> _AVAILABLE DATA_:

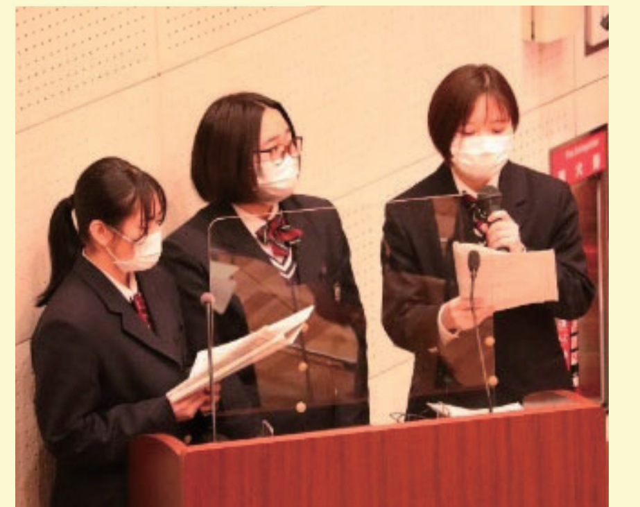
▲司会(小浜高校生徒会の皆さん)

...

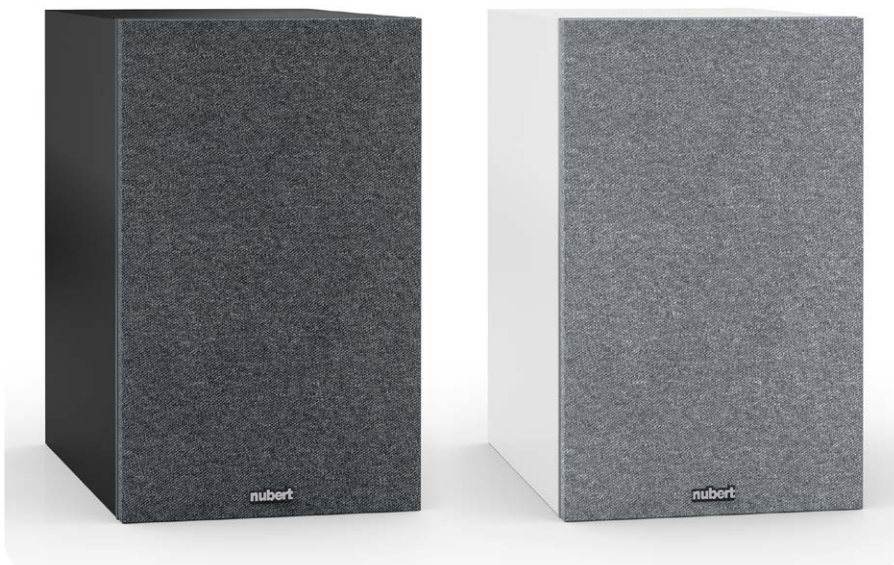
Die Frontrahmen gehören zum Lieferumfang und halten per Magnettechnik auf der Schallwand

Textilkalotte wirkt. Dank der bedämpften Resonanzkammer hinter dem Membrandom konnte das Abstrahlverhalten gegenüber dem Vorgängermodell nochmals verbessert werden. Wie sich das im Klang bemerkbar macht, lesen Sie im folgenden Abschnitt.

* * *

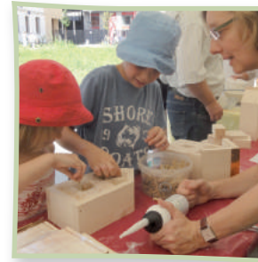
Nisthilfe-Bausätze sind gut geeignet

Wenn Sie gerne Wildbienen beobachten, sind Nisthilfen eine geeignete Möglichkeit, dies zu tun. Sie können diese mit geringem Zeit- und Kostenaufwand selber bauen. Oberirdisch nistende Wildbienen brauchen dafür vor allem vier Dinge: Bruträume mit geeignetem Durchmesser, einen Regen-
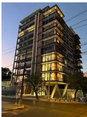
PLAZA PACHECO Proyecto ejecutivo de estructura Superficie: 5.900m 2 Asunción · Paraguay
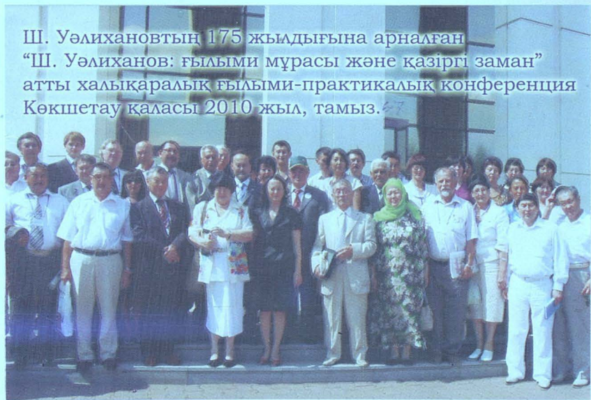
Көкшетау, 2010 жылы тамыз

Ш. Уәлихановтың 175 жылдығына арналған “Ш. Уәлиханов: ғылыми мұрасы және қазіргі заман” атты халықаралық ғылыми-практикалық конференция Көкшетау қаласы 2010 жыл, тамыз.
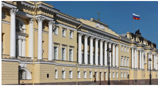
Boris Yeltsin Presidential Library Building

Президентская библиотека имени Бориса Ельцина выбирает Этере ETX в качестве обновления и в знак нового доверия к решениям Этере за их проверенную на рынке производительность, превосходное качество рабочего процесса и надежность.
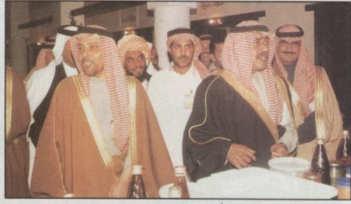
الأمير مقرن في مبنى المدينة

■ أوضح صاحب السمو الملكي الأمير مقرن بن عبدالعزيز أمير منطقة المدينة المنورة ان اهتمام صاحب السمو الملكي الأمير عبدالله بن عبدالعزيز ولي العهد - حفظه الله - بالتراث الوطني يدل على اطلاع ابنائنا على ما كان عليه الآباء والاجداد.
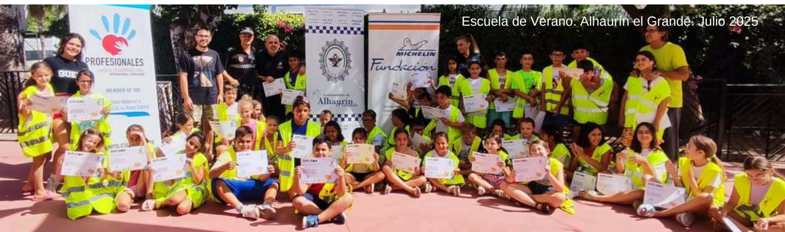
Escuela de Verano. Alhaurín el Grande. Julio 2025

> _HOW TO COMPLETE THIS TASK_:
Could you repeat exactly the lines above from the line with "Die Frontrahmen gehören" up to and including the line with "Textilkalotte wirkt. Dank", and only those?

> _YOUR SOLUTION_:
Die Frontrahmen gehören zum Lieferumfang und halten per Magnettechnik auf der Schallwand

Textilkalotte wirkt. Dank der bedämpften Resonanzkammer hinter dem Membrandom konnte das Abstrahlverhalten gegenüber dem Vorgängermodell nochmals verbessert werden. Wie sich das im Klang bemerkbar macht, lesen Sie im folgenden Abschnitt.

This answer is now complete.